Genentech leads Evrysdi’s development in collaboration with the SMA Foundation and PTC Therapeutics.
The new tablet is available at a dose of 5 mg, which is the recommended dosage for patients ages 2 and older who weigh at least 20 kg (about 44 pounds). The tablet can be swallowed whole or dissolved in water.
“We cannot underestimate the value that comes with simplifying treatment administration and disease management for people who are living with SMA or those caring for them,” said Kenneth Hobby, president of Cure SMA. “This new room temperature stable formulation option offers an additional choice that may more conveniently fit into daily living activities such as working, traveling, and education.”
New formulation provides ‘flexible option’
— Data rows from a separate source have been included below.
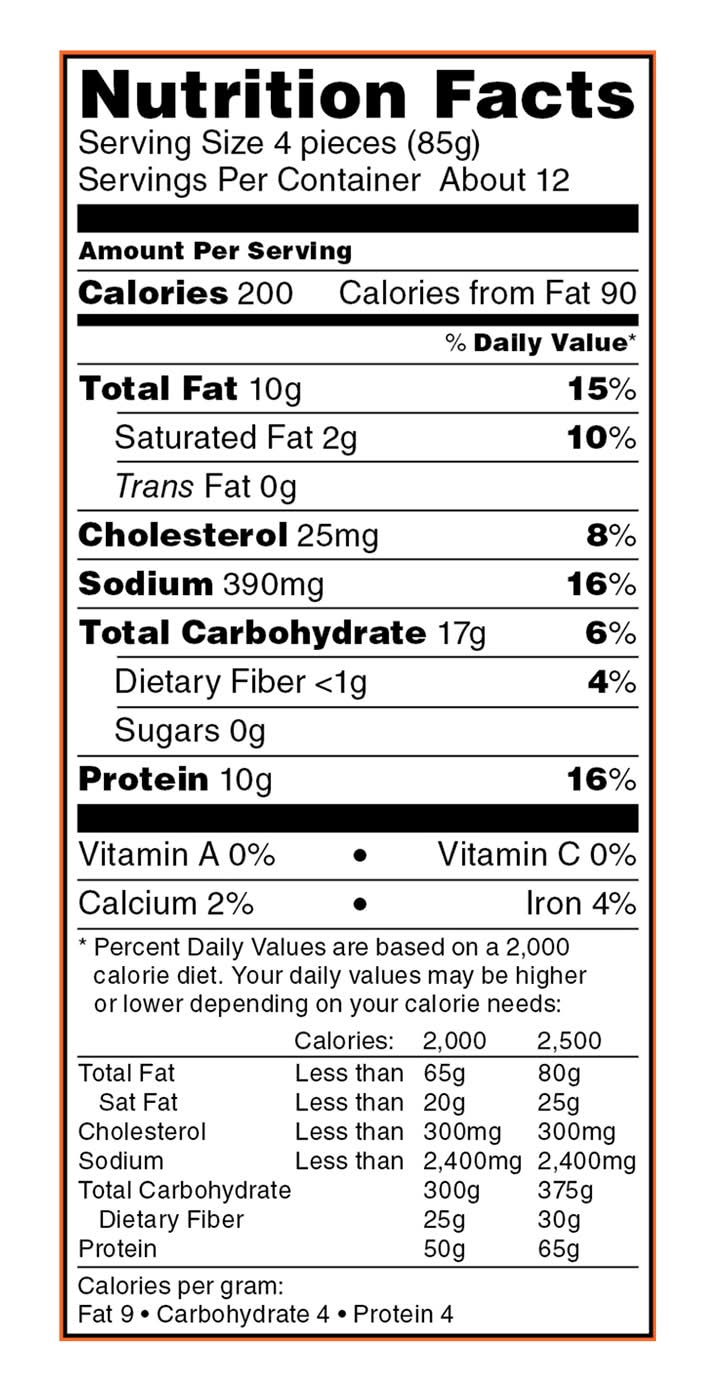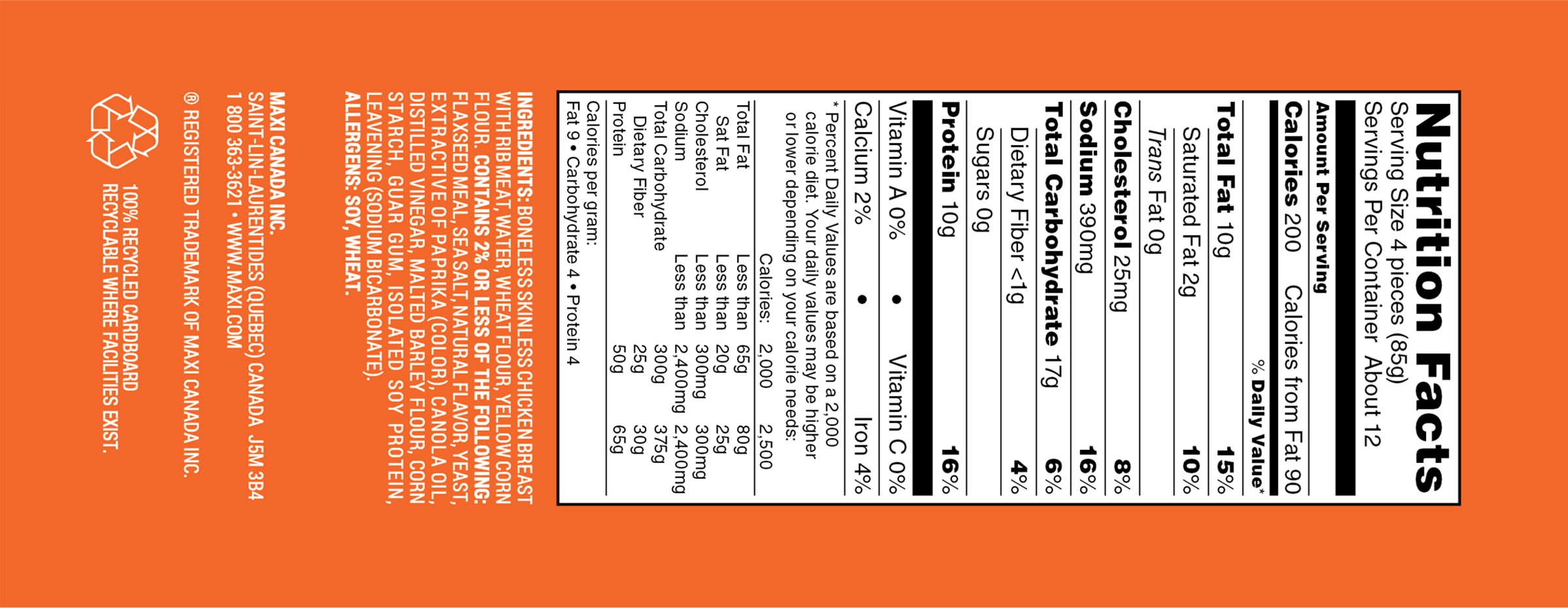 Ingredients: Boneless Skinless Chicken Breast with Rib Meat, Water, Wheat Flour, Yellow Corn Flour, Contains 2% or Less of the Following: Flaxseed Meal, Sea Salt, Natural Flavor, Yeast, Extractive of Paprika (Color), Canola Oil, Distilled Vinegar, Malted Barley Flour, Corn Starch, Guar Gum, Isolated Soy Protein, Leavening (Sodium Bicarbonate) Contains: Soybeans, Wheat, Corn, Barley
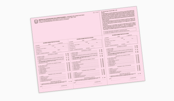 Il modello, è composto da copertina in cartoncino e fogli interni in carta ricalcante in triplice copia, come quello che veniva distribuito dalla Motorizzazione; aggiornato con 3° prova pratica di guida (Circolare prot. n. 34647 del 10/11/2021).
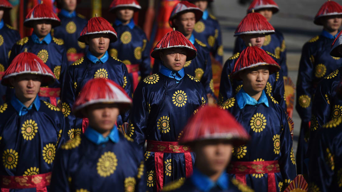 Hơn 100 nghệ sĩ sẽ mặc trang phục như Hoàng đế nhà Thanh và các lính triều đình tham gia buổi biểu diễn tại lễ hội cổ ở Đền Trái đất, Công viên Ditan, thủ đô Bắc Kinh trong Lễ hội mùa xuân.
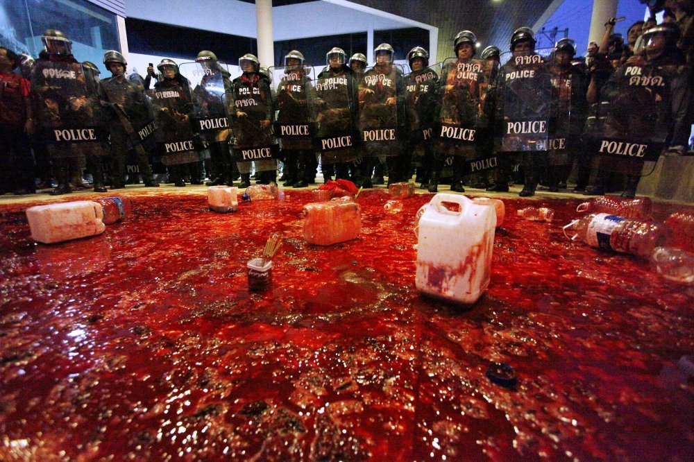 U Bangkoku ih se okupilo oko 100 tisuća, održali su jedan od najbizarnijih prosvjeda u ljudskoj povijesti prolivši po zgradi vlade 300 litara ljudske krvi. Nakon što je premijer odbio njihov zahtjev,
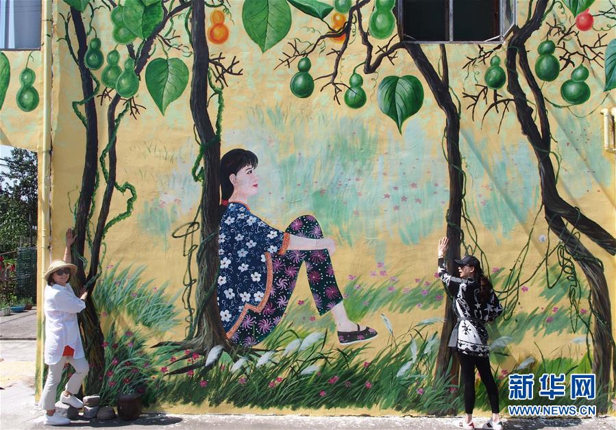 10月1日,游人在和平村的民居壁畫前留影。新華社記者任瓏攝

The chief cause of SMA is mutations in the gene SMN1, which provides instructions to make a protein called SMN. Lack of the SMN protein causes motor neurons, the nerves that control movement, to sicken and die, ultimately leading to SMA symptoms.
A different gene, SMN2, is able to produce SMN protein as well, but due to a quirk of the genetic sequence it is usually much less active than SMN1. Evrysdi works to boost the activity of SMN2 to facilitate production of more SMN protein, which has been proven to help slow the progression of SMA.
Evrysdi was approved by the FDA in 2020 as to treat SMA patients ages 2 months and older. The agency extended the approval in 2022 to also cover babies younger than 2 months.
The originally approved version of the drug is an oral solution, which remains the only version available for children younger than 2 and SMA patients who take the medication via feeding tube. The new tablet formulation may offer more convenient dosing for older SMA patients who don’t use a feeding tube, according to Genentech.
“The Evrysdi tablet combines established efficacy with convenience, providing an additional flexible option for SMA management,” Garraway said.
The FDA’s approval of the new tablet was based on bioequivalence data showing that the tablet delivered the same amount of the drug’s active ingredient to the body as the older version, which according to Genentech suggests that the two formulations should be identical in terms of their effects.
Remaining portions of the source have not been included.